Untuk itu, PT ASDP cabang Bakauheni menyiapkan loket tiket pembelian kartu perdana uang elektronik di Pelabuhan Bakauheni bekerja sama dengan empat bank pemerintah, yakni Bank Mandiri (kartu e-Money), BRI (Brizzi), BNI (Tap Cash), dan BTN (Blink).

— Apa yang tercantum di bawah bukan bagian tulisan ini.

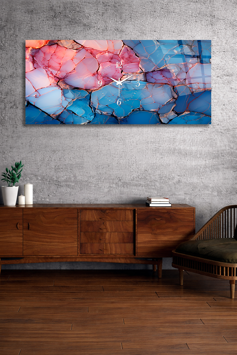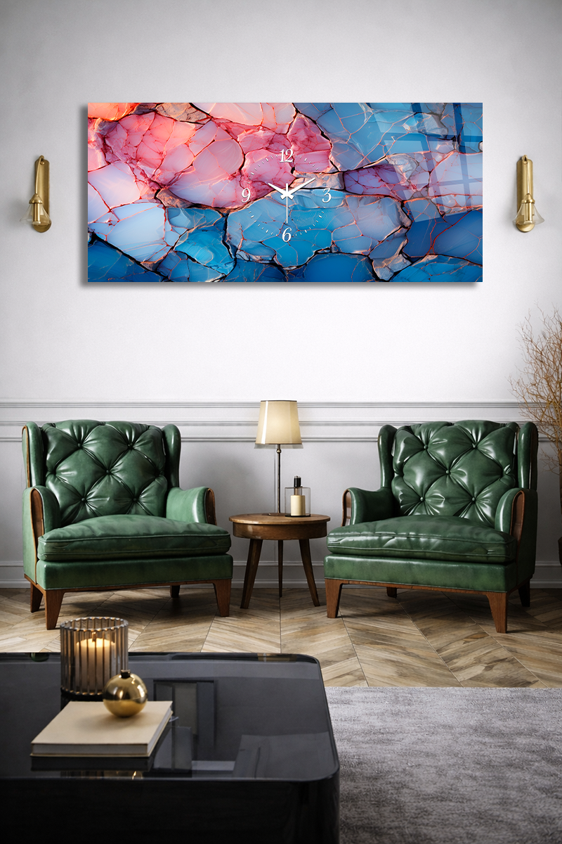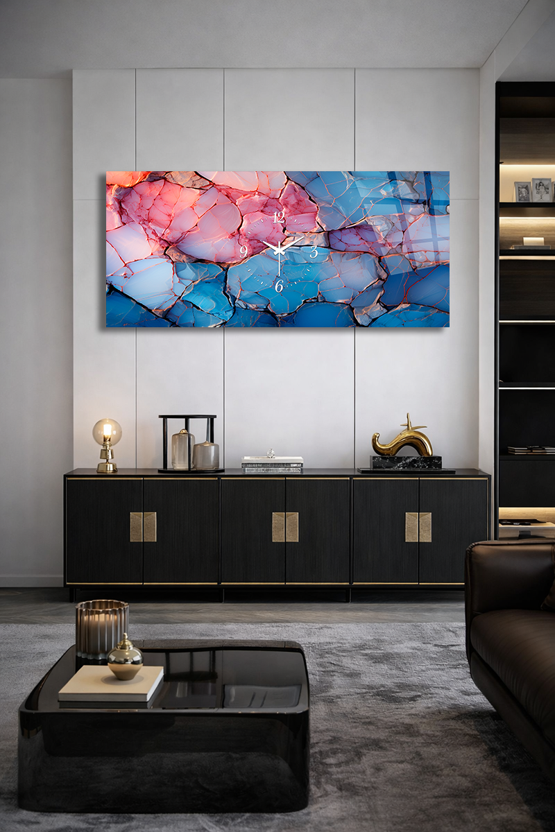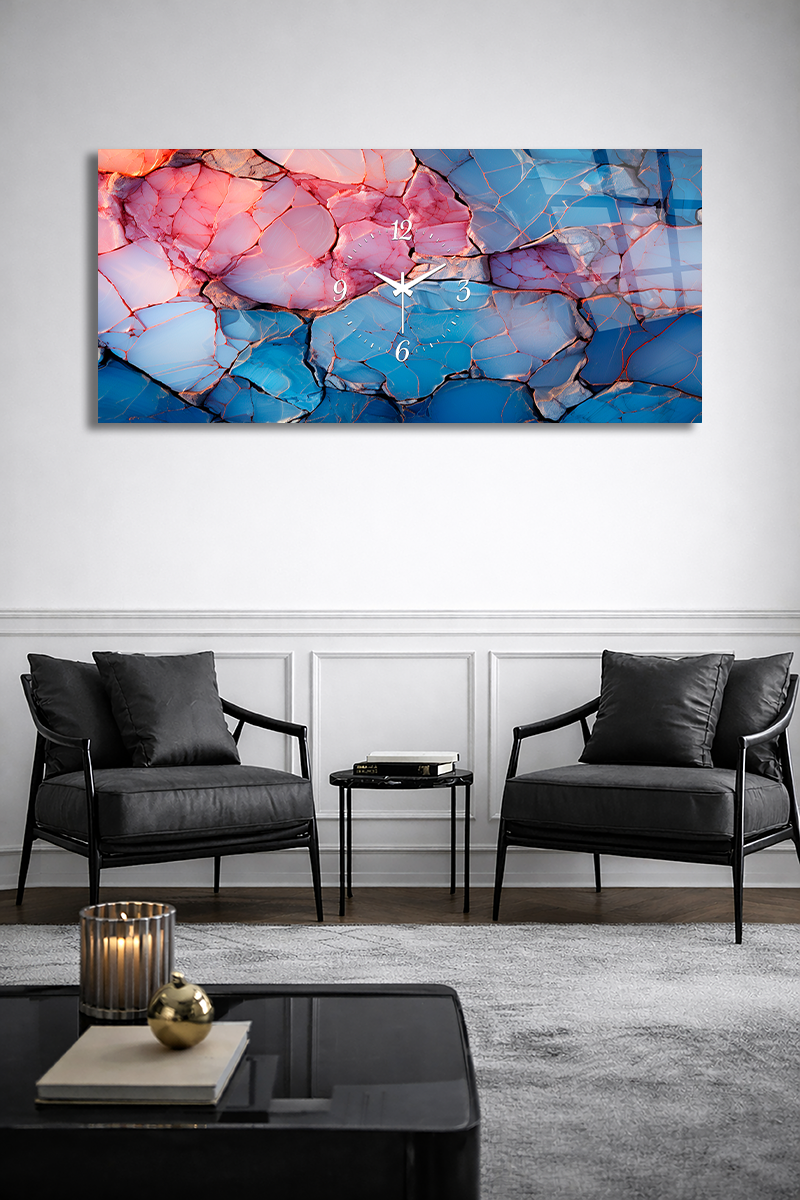 KIRILMAZ CAM DUVAR SAATİ , HEM TABLO HEM SAAT MAVİ PEMBE MERMER SANATSAL EV OFİS HEDİYESİ

Sedangkan pemudik yang sudah memiliki kartu namun saldo tidak mencukupi, juga menyediakan loket pembelian saldo isi ulang (top-up). "Pemudik tidak lagi membeli tiket dengan uang tunai, melainkan menggunakan kartu yang berisi uang yang disediakan empat bank milik BUMN tersebut," kata General manager PT ASDP Cabang Bakauheni,  Hasan Lessy di Pelabuan Bakauheni, Minggu (26/5/2019).

Menurut dia, kartu uang elektronik tersebut masih diberlakukan untuk tiket penumpang jalan kaki dan kendaraan hingga golongan IV.  Sedangkan untuk kendaraan Golongan V ke atas (bus-treller) masih menggunakan uang tunai. "Tiket kapal juga bisa didapatkan secara online melalui website resmi PT ASDP Indonesia Ferry, " jelas Hasan Lessy. 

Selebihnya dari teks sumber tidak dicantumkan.